The first point, that the funds are the sheriff's and the sureties volunteers in paying on account of them, presents no difficulty at all. The sheriff collects the county funds and deposits them to his account, not personally, but officially. They are not private, they are public, funds. Sections 2913, 2914, 1930 Mississippi Code; Adams v. Williams, 97 Miss. 113, 52 So. 865, 30 L.R.A. (N.S.) 855, Ann. Cas. 1912C, 1129; Fogg v. Bank of Friar's Point, 80 Miss. 750, 32 So. 285; Commercial Bank of Brookhaven v. Hardy, 97 Miss. 755, 53 So. 395; Green v. Cole, 98 Miss. 67, 54 So. 65; Bank of Commerce v. Clark, 114 Miss. 850, 75 So. 595. Their bonds obligated the sureties to the county for these funds. When they paid the county, the sureties were subrogated to the county's position just as the sheriff is when he pays the county or state. Bank of Commerce v. Clark, supra.
Nor do we think that the second point under the facts of this case, presents any greater difficulty. There is certainly no difficulty springing from any trouble in tracing the county funds into the bank and reasonably determining what part of the sheriff's account, at the time the bank failed, was made up of them. The order of the county board directing the sheriff to deposit the county funds as near as may be, 60 per cent. in the Planters' Bank and 40 per cent. in the other bank, together with the findings of the auditor, make it reasonably certain what part of the county funds were there. Nor, under the facts, is there any basis for the claim that the sureties, in claiming subrogation to the county's position, are competing with it to its prejudice for funds to which it has a claim. Upon the findings of the court, which we find the record fully supports, the county has no further claim against the bank. The sureties have satisfied the claim it had.

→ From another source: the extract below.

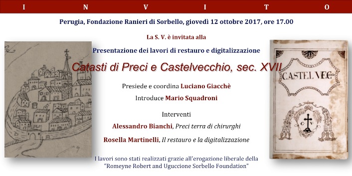 Presiede e coordina Luciano Giacchè, introduce Mario Squadroni. Saluti di Ruggero Ranieri, presidente Fondazione Ranieri di Sorbello di Perugia, Nicola Alemanno, sindaco di Norcia, Pietro Bellini, sindaco di Preci, Rossella Santolamazza, Soprintendenza archivistica e bibliografica dell'Umbria e delle Marche. Gli interventi saranno a cura di Alessandro Bianchi - "Preci terra di chirurghi" e Rosella Martinelli - "Il restauro e la digitalizzazione".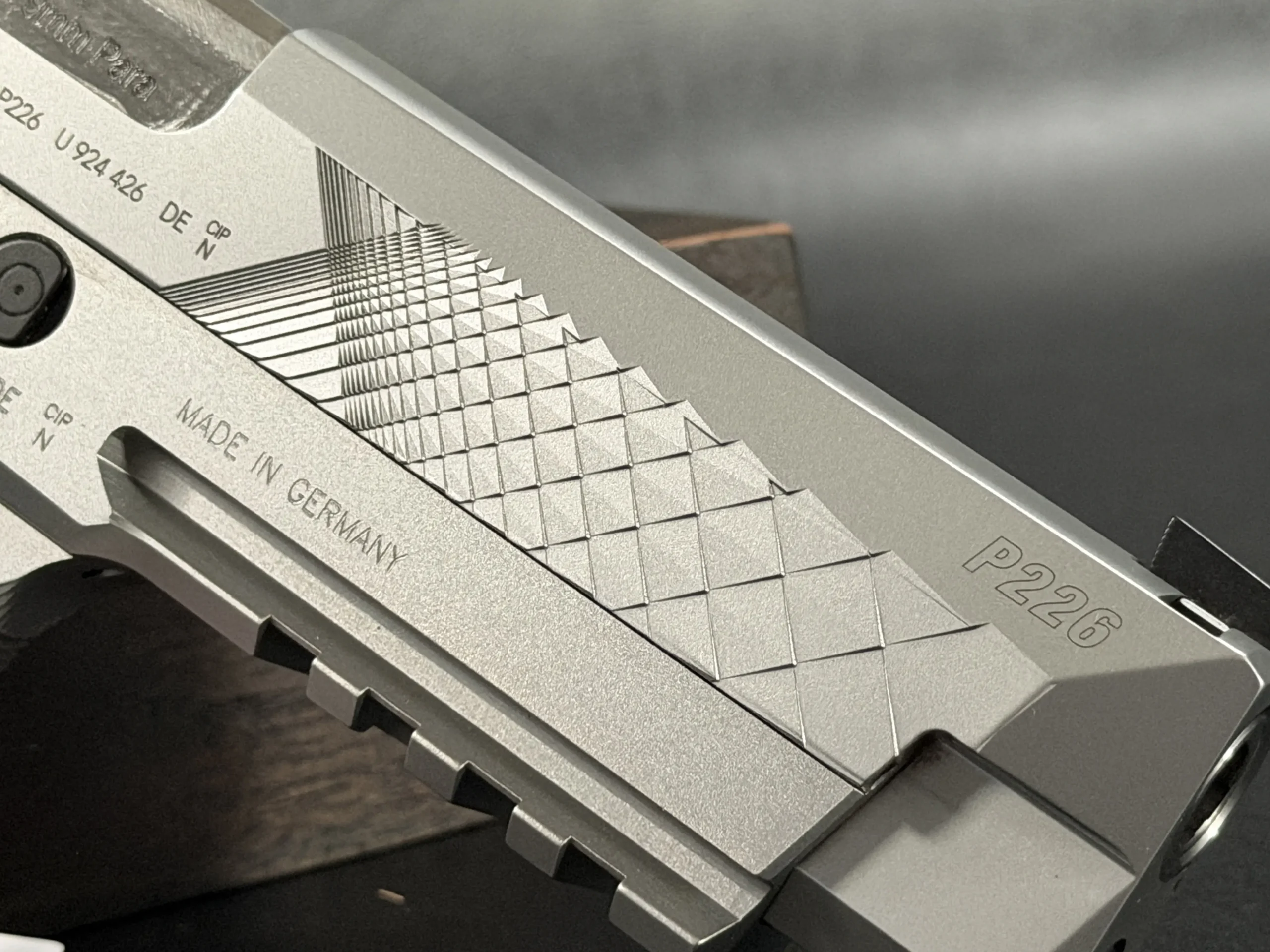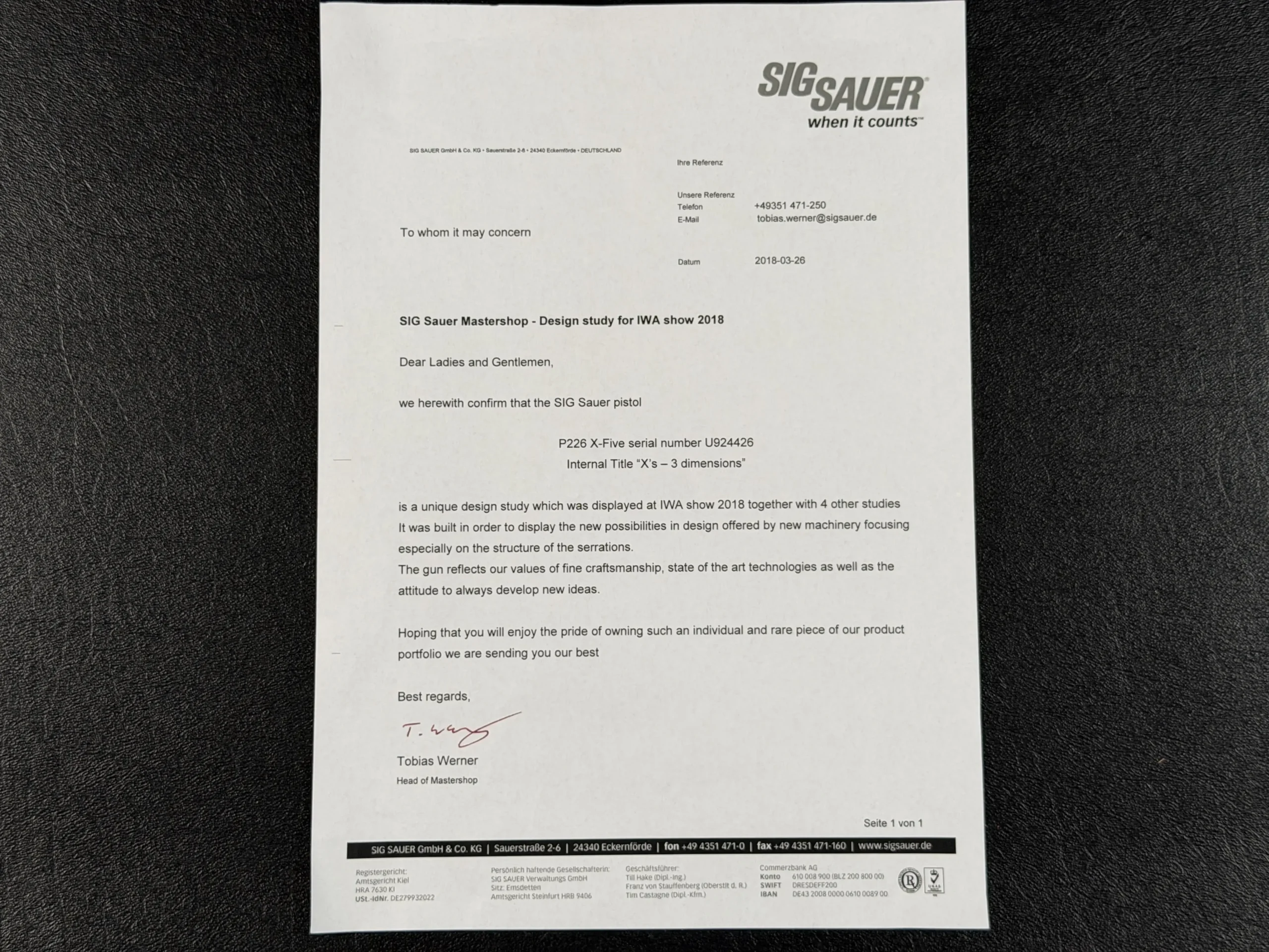 According to the accompanying SIG Sauer Mastershop letter, this pistol was developed as an internal project and displayed at the IWA Show 2018, presented alongside only a handful of other experimental studies. Its purpose was clear: to demonstrate new manufacturing capabilities, with particular emphasis on the structure, geometry, and visual depth of the slide serrations.

Whether upon different facts than those we have the county, to collect what the sheriff owes it on account of its funds he appropriated to pay his debt to the state, might have laid claim to sufficient of the funds in the sheriff's account in the failed bank to make it whole, we do not decide. It is not before us. As the record stands, the sureties have satisfied all claims which the county has against the failed bank, and they are entitled to be subrogated to its position.
The claim of the sureties that the bank when it failed held in trust for the county a fund of $21,503.53 deposited there to pay bond coupons, and that, having fully paid the county, they should be subrogated to that fund, may be summarily disposed of. The warrants which the sureties rely on as constituting the trust fund were not left with the bank in trust; they were deposited with it like all the other moneys in the depository were. The bank continued to pay interest on these amounts just as it did on the other depository funds, and these amounts were reckoned and paid by the sureties as a part of the depository fund for which their bonds stood liable.
Wholly apart, then, from the questions of augmentation and tracing with which the District Judge's findings deal, the sureties' claim fails in this regard. The proof shows, not the creation of a trust by the making of a special deposit, but the creation of the relation of debtor and creditor. It shows the making of a deposit special, only in the sense that other funds in the depository were special, in that a special entry was made on the books of the bank and on the books of the county in regard to these funds to designate the use to be made of the credit set up.
We find no error in the judgment. It is affirmed.